The only subtlety is correctly handling resets: cnt must always reset to 1, not 0, because the current element starts a new potential segment. Forgetting the final check is another common mistake, since the last run never triggers a break condition.
Worked Examples
Example 1
Input:
11
1 2 3 2 4 4 1 4 5 7 3
We track runs:
| i | a[i] | prev | increasing? | cnt | ans |
|---|---|---|---|---|---|
| 0 | 1 | - | start | 1 | 0 |
| 1 | 2 | 1 | yes | 2 | 0 |
| 2 | 3 | 2 | yes | 3 | 0 |
| 3 | 2 | 3 | no | 1 | 1 |
| 4 | 4 | 2 | yes | 2 | 1 |
| 5 | 4 | 4 | no | 1 | 1 |
| 6 | 1 | 4 | no | 1 | 1 |
| 7 | 4 | 1 | yes | 2 | 1 |
| 8 | 5 | 4 | yes | 3 | 1 |
| 9 | 7 | 5 | yes | 4 | 1 |
| 10 | 3 | 7 | no | 1 | 2 |
At the end, the last run [1,4,5,7] is length 4 and is counted. The final answer is 2, corresponding to [1,2,3] and [1,4,5,7].
Example 2
Input:
6
5 4 3 2 1 2
| i | a[i] | prev | increasing? | cnt | ans |
|---|---|---|---|---|---|
| 0 | 5 | - | start | 1 | 0 |
| 1 | 4 | 5 | no | 1 | 0 |
| 2 | 3 | 4 | no | 1 | 0 |
| 3 | 2 | 3 | no | 1 | 0 |
| 4 | 1 | 2 | no | 1 | 0 |
| 5 | 2 | 1 | yes | 2 | 0 |
No segment ever reaches length 3, so the answer is 0.
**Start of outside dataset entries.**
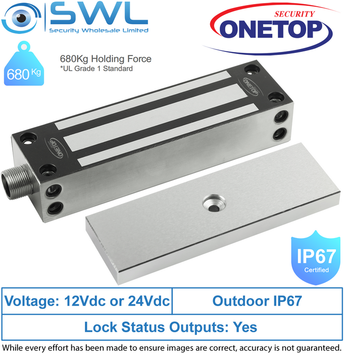 - ONETOP EM5000G: Weather Res' Stainless Steel Maglock, FACE OR SIDE MOUNT 680Kg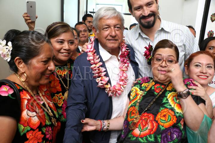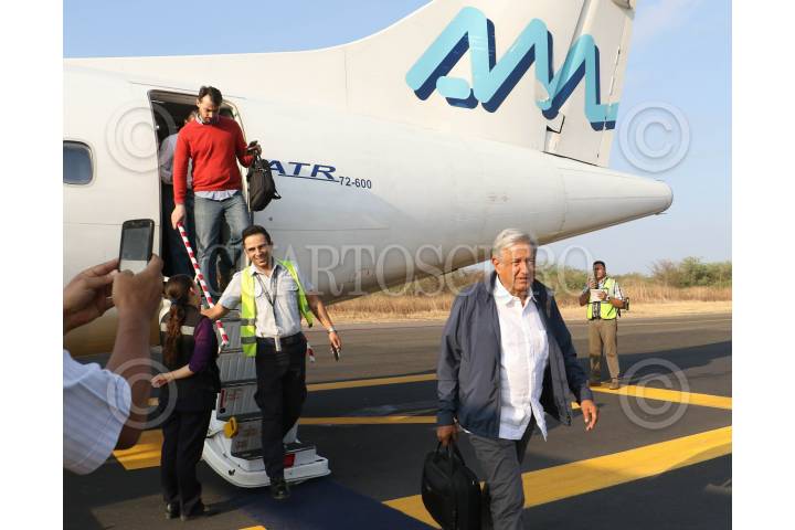 IXTEPEC, OAXACA, 30 MAYO2018.- Andrés Manuel López Obrador, candidato de MORENA a la presidencia de la república a su llegada al aeropuerto de Ixtepec donde el dia de hoy realizará actos de campaña con habitantes del Istmo de Tehuantepec. FOTO: SAÚL LÓPEZ /CUARTOSCURO.COM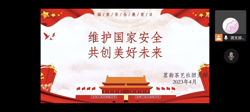 时间:2023-4-29|作者:张欣然 杨书展|来源:茗韵茶艺社 为进一步促进学生增强国家安全意识,学习国家安全法律知识,切实履行和维护国家安全的法律义务,4月29日,我院茗韵茶艺社举办的“维护国家安全,共创美好未来”团日活动于腾讯会议线上平台开展。 活动前期,社团团支部对本次活动进行详细介绍,便于有意愿参加活动的同学对活动有更深刻的了解。活动伊始,两位主持人一同宣读开场词,陈述此次活动主题以及开展此次团日活动的背景,结合幻灯片与视频介绍国家安全相关内容,号召社员们共同学习。随后,主持人播放有关我们该如何维护国家安全的视频。接着,通过分享身边的例子以增强社员的参与感。同学们纷纷表示此次活动让她们学习了国家安全相关法律法规,增强了国家安全意识,也更有信心增强集体的凝聚力和战斗力。 本次团日活动的顺利开展让同学们学习了国家安全知识、了解公民应尽的义务与职责,为增强团员们的国家安全意识,自觉维护国家安全,增强其对国家和民族的认同感认识到“天下兴亡,匹夫有责”起了重大作用。 |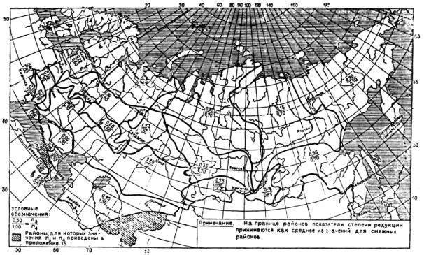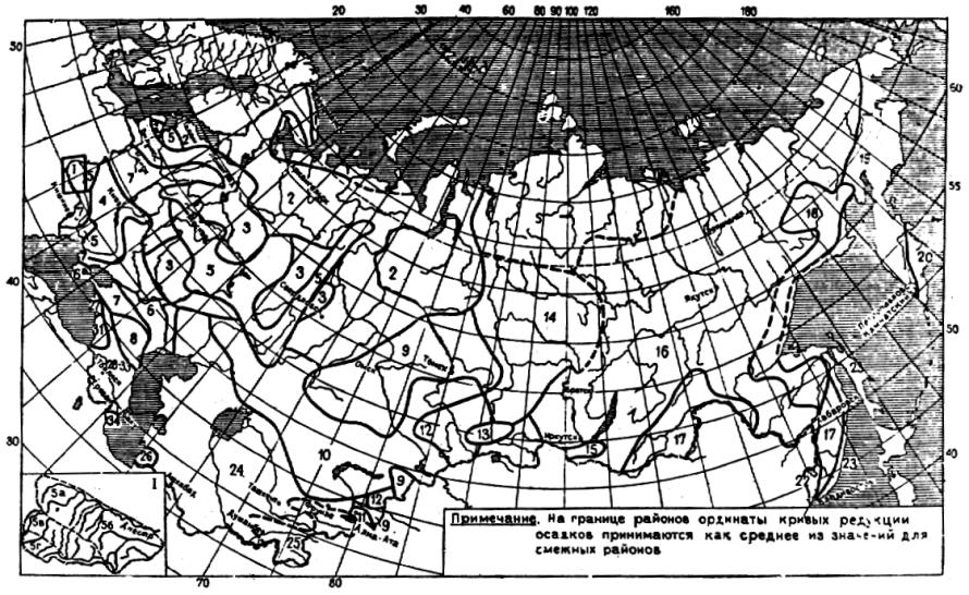 ПРИЛОЖЕНИЕ 22 (РЕКОМЕНДУЕМОЕ)СХЕМА РАЙОНОВ ТИПОВЫХ КРИВЫХ РЕДУКЦИИ ОСАДКОВ НА ТЕРРИТОРИИ СССР

This confirms that only maximal strictly increasing runs of sufficient length are counted, and short fluctuations do not contribute.
Complexity Analysis
| Measure | Complexity | Explanation |
|---|---|---|
| Time | O(N) | Each element is processed once in a single pass |
| Space | O(1) | Only a few counters are maintained |
The constraints allow up to 1000 elements, but the linear scan is already optimal and leaves ample margin. Even under much larger constraints, the same approach remains valid due to its single-pass structure.
Test Cases
import sys, io
def run(inp: str) -> str:
sys.stdin = io.StringIO(inp)
import sys as _sys
input = _sys.stdin.readline
n = int(input())
a = list(map(int, input().split()))
ans = 0
cnt = 1
for i in range(1, n):
if a[i] > a[i - 1]:
cnt += 1
else:
if cnt >= 3:
ans += 1
cnt = 1
if cnt >= 3:
ans += 1
return str(ans)
# provided sample
assert run("11\n1 2 3 2 4 4 1 4 5 7 3\n") == "2"
# minimum increasing mountain
assert run("3\n1 2 3\n") == "1"
# no mountain due to plateau
assert run("5\n1 2 2 3 4\n") == "1"
# all decreasing
assert run("4\n4 3 2 1\n") == "0"
# multiple separate mountains
assert run("7\n1 2 3 1 2 3 4\n") == "2"
| Test input | Expected output | What it validates |
|---|---|---|
| 1 2 3 | 1 | minimum valid mountain |
| 1 2 2 3 4 | 1 | plateau breaks continuity |
| 4 3 2 1 | 0 | no increasing segment |
| 1 2 3 1 2 3 4 | 2 | multiple independent runs |
Edge Cases
One important edge case is when the array ends during an increasing streak. For example, in [1, 2, 3], there is no “break” to trigger counting inside the loop. The algorithm handles this by performing a final check after iteration. The run length is 3, so it is correctly counted as one mountain.
Another case is alternating increases and decreases such as [1, 3, 2, 4, 3, 5]. The algorithm resets at every decrease and counts only segments that reach length 3. Each segment is isolated cleanly, and no partial overlap occurs because cnt is reset immediately when monotonicity fails.
A plateau like [1, 2, 2, 3] is handled correctly because the <= condition breaks the run at equality. The segment [1, 2] is discarded since its length is below 3, and a new run starts at 2 -> 3, which is also too short.